Ladies and gentlemen, my March of War name is Masaharta. I served the Shogun Empire for 15 consecutive terms as faction leader and I had the very great honor of leading them to many victories. Throughout my time as a faction leader and as a player in this game, I have dealt with many wise players, men whose understanding of the game’s politics transcended their peers. I was blessed to lead a High Command that furnished many of these men; however, as I look back in remembrance of the wise men who served the Empire with me, one in particular stands out to me: Harutora.

When I first arrived in Shogun politics, Harutora was already playing a critical role in Empire politics and, as I gradually formed a new Shogun government, I began to listen to his advice more and more. Most Shogun High Commanders at the time were extremely warlike and ready to jump another faction on the slightest provocation. For such a wild crew of valiant warriors, a young faction leader such as myself did not command the respect and obedience that a veteran leader would. Consequently, Harutora quickly distinguished himself to me from the other high commanders through his more restrained approach to the game’s politics. Almost every piece of advice that he gave me in the early days of my reign as faction leader was accurate. Some of his advice I followed and other advice I ignored to my grief. As our government became established, the enemies and the diplomatic situations that we needed to confront grew more complex and more dangerous. Making a diplomatic move became extremely treacherous with serious implications for a mistake. Harutora’s advice and insights in the Shogun High Council were invaluable and were responsible for shaping many of our decisions.

Some warriors make their names on the battlefield. They receive honor and glory from the masses for their deeds of valor. However, other men make their names and write their legends around the Council Fire through the wisdom of their words. Harutora was not one of the greatest fighters that the Shogun Empire ever had, but, to paraphrase the Duke of Wellington speaking about Napoleon, his presence in the Shogun High Council was worth forty, dedicated fighters. He knew when to be aggressive and when to exercise restraint. The wisdom of his advice and insights were far above his peers and his personality and character made him the ideal champion of Council and Diplomacy for the Shogun Empire.

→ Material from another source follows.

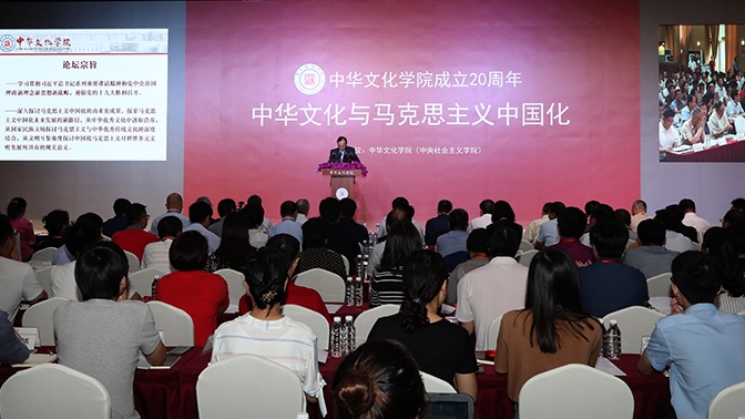 为学习贯彻习近平总书记系列重要讲话精神,在中华文化学院(中央社会主义学院)在建院20周年之际,举办“中华文化与马克思主义中国化”高端学术论坛。中央党校原副校长李君如、中国社科院原副院长李慎明、清华大学国学院院长陈来等14位马克思主义理论和中华传统文化研究领域的著名学者出席会议并发言。中央社院党组书记、第一副院长潘岳和领导班子成员出席,来自在京各教研机构及中央社院学员代表共400多人参加论坛。

I do not know how many Shogun soldiers truly appreciated Harutora because he did not lead in battle as mightily as the other Shogun Commanders. Hopefully, this memento of his greatness will help them to understand just how valuable of a player he was and still is for the Shogun Empire. The Shogun Empire and I both owe Harutora a great debt and all honor at our disposal for his surpassing wisdom and dedication to our faction. Therefore, Shoguns, salute your Tetsuo, Harutora!